Based on our benchmark analysis (Supplementary Note), we applied an in-house filter for short, non-reciprocal, and singleton inversions for samples that showed a large number of such probably artefactual patterns. We also filtered out somatic L1 transduction events that originated from the 18 hot source retroelements detected from 279 breast cancers (PCAWG + Ferrari et al. study19) using xTea58 (v0.1.6; Supplementary Note and Supplementary Table 6).

Defining focal amplifications

We defined an amplicon as a genomic segment for which the absolute copy number was more than three times greater than the baseline copy number of the chromosome arm. The arm-level baseline was defined as the integer copy number supported by the largest of the combined genomic segments sharing the same copy number. For the chromosome arms where the most common copy number was haploid, we considered diploid as the baseline copy number. Contiguous amplicons were merged, and the amplicons less than 1 kb in size were removed. From the 780 breast cancer cases, we identified 11,490 amplicons. Among these, we focused on 5,502 (48%) amplicons that bordered an unamplified region (Supplementary Table 2). The unamplified regions were defined as those where the copy number was no greater than one above the arm-level baseline. We included regions where the copy number was one copy above the arm-level baseline, because the unequal breakpoints in the two flipped dicentric chromosomes during the TB breakage could result in duplicated genomic segments.

For pan-cancer analysis, we also applied the same steps to the PCAWG consensus calls to define amplicons. Due to the incomplete concordance between copy-number boundaries and SV breakpoints, we created additional copy-number segments on the consensus copy-number calls: we divided a copy-number segment into two when there was an SV breakpoint in the middle, at least 10 bp apart from both boundaries; next, the absolute copy number was re-calculated for each genomic segment from BAM files considering depth, GC content and mappability. Based on this analysis, we focused on 6,586 amplicons adjacent to the unamplified regions.

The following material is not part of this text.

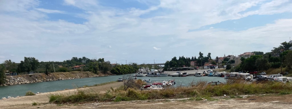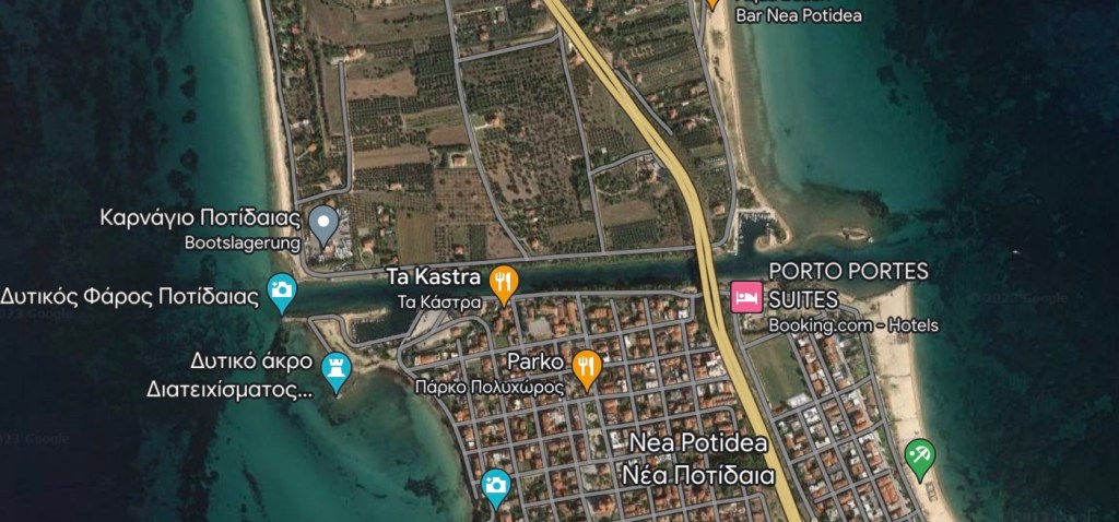 Heute nun wagen wir es erstmals wieder einen kleinen Ausflug zu unternehmen. Das Ziel heisst Nea Potidea, das nördlichste Dorf Kassandras. Unmittelbar nördlich davon führt der Kanal von Nea Potidea durch.
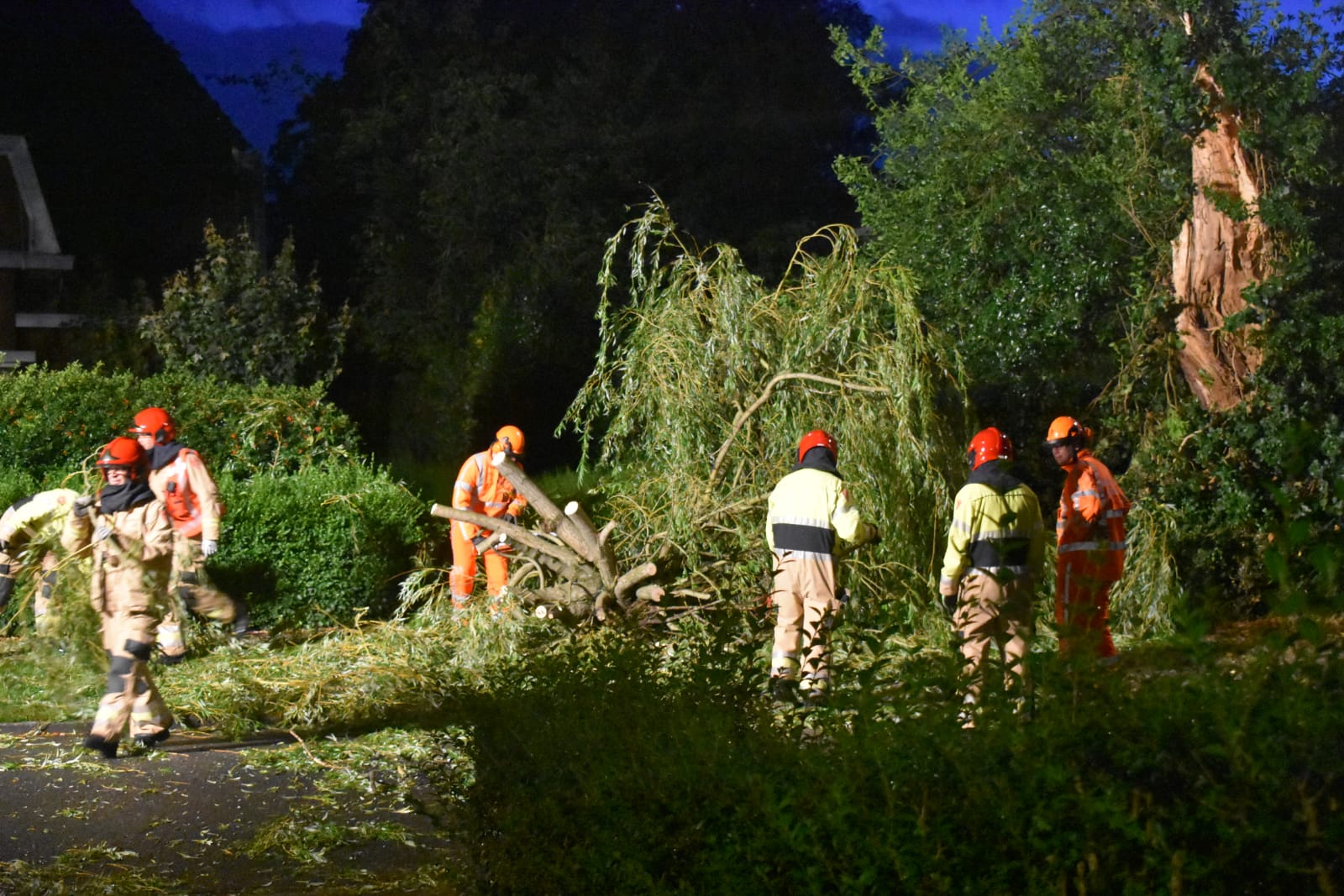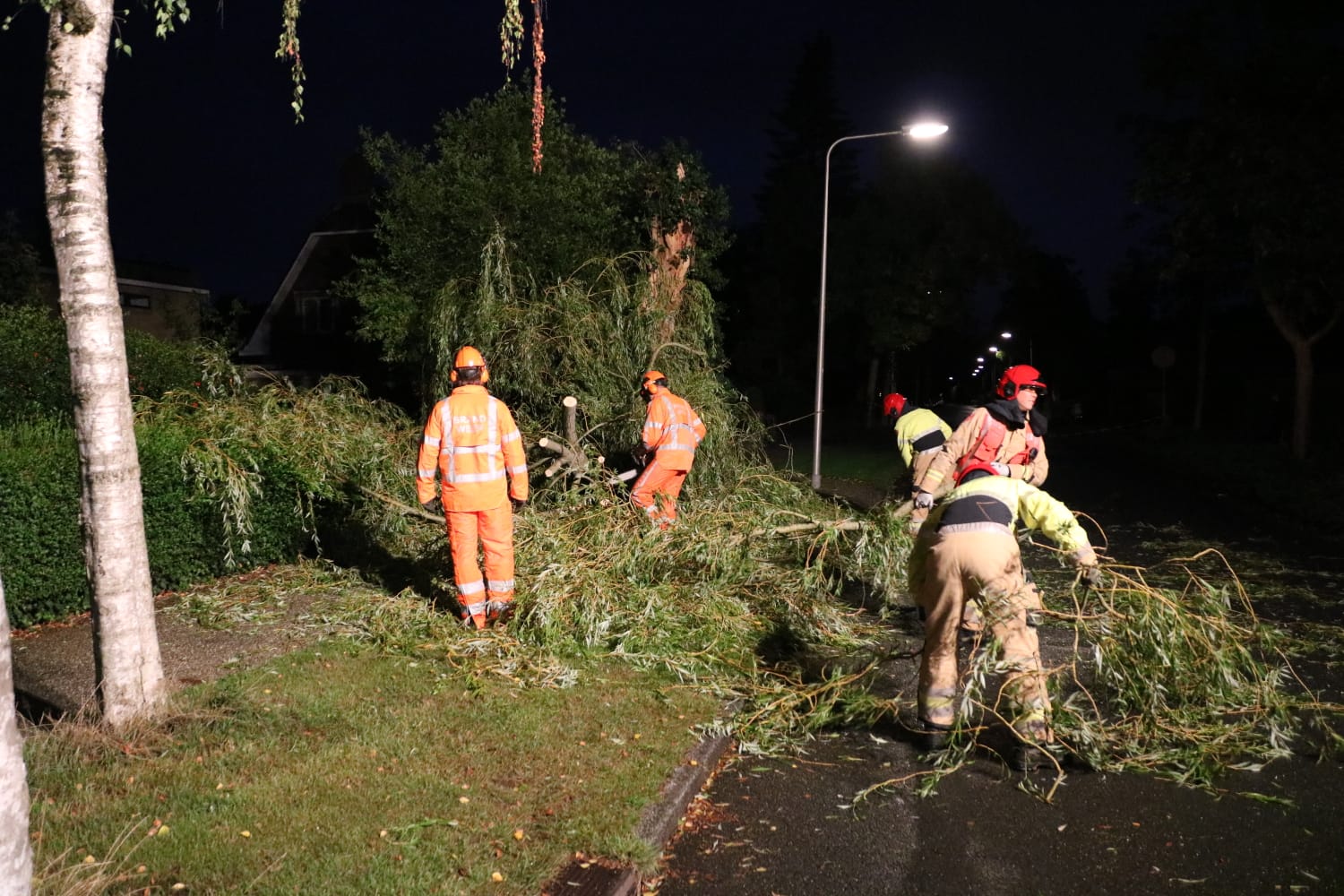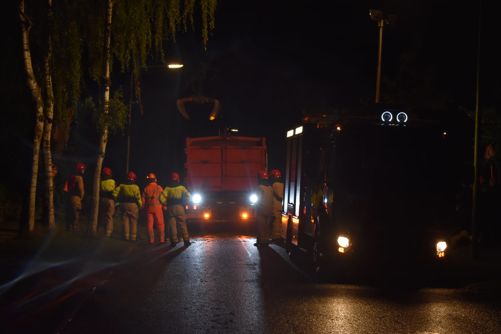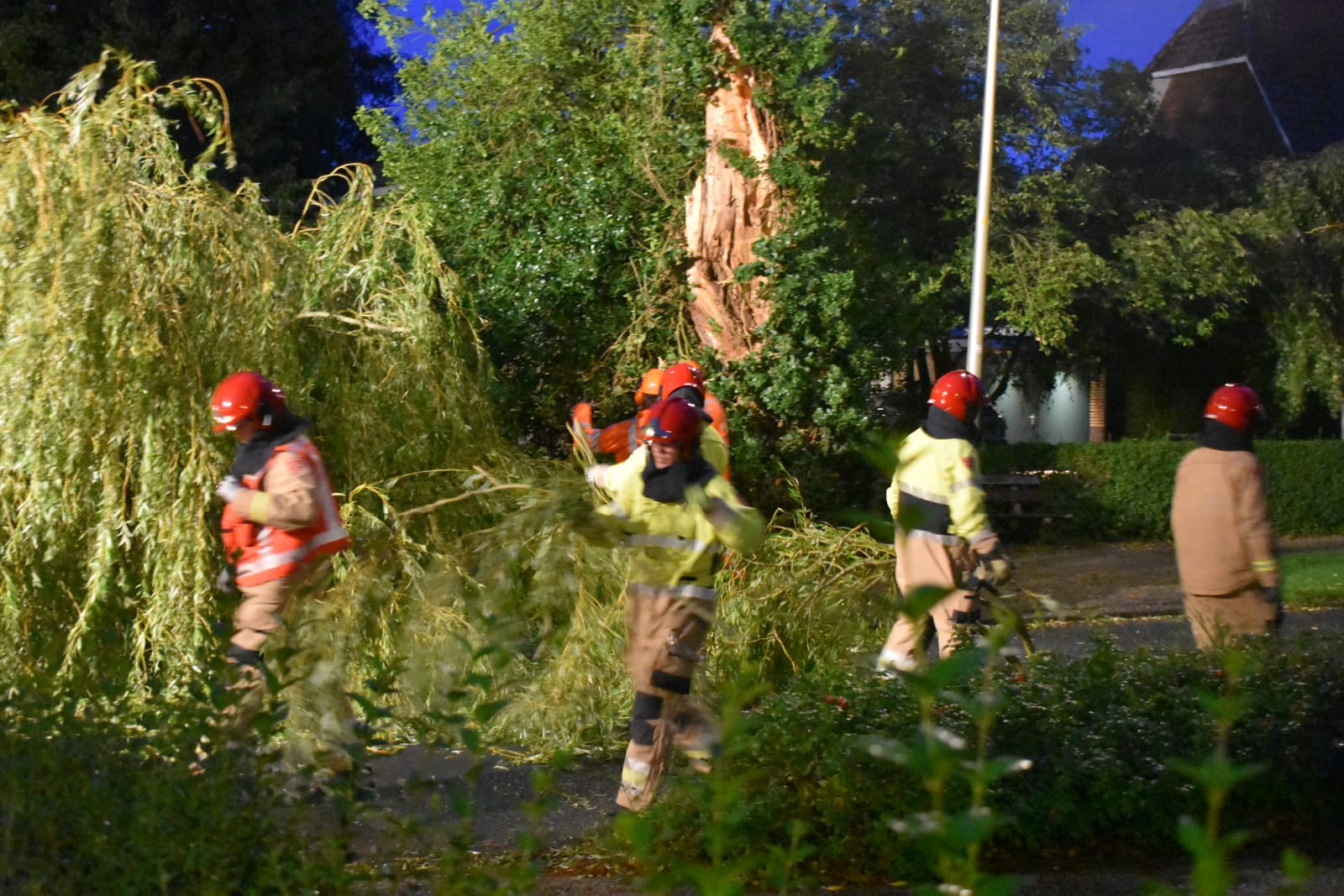De melding van een stormschade kwam rond 21.00 uur binnen waarop de Harense brandweer uitrukte met een tankautospuit. “Een stuk van de stam staat nog, de rest is omgewaaid”, vertelt incidentfotograaf Mike Weening. “De boom blokkeert het voetpad en een gedeelte van de weg. Brandweerlieden hebben direct de kettingzaag er bij gepakt en hebben de boom in mootjes gezaagd. Toen ze bijna klaar waren kwam ook de Milieudienst van de gemeente Groningen ter plaatse. Zij hebben de restanten ingeladen en meegenomen.”

The SVs at their boundaries were classified into six categories (fold-back inversion, translocation, simple head-to-tail, tandem duplication, intra-chromosomal complex, and no SV support) as described in Fig. 5b. Fold-back inversion were defined as head-to-head or tail-to-tail intra-chromosomal SV with breakpoints less than 5 kb apart. Among the amplicons generated by simple head-to-tail SVs (duplication-like), double minutes (DMs) were defined as amplicons with copy number more than three times greater than that of adjacent segment; while those with a copy number three times or less were classified as tandem duplications. Other amplicons bordered by intra-chromosomal SVs were classified as intra-chromosomal complex rearrangements, which often resulted from chromothripsis. Amplicons without supporting boundary SVs were grouped as ‘no SV support’. Hierarchical clustering of tumour types was performed using their fraction of fold-back inversion, translocation, and DMs at the amplicon boundaries. The optimal number of clusters was determined to be k = 4 due to the distinct differences observed among the groups.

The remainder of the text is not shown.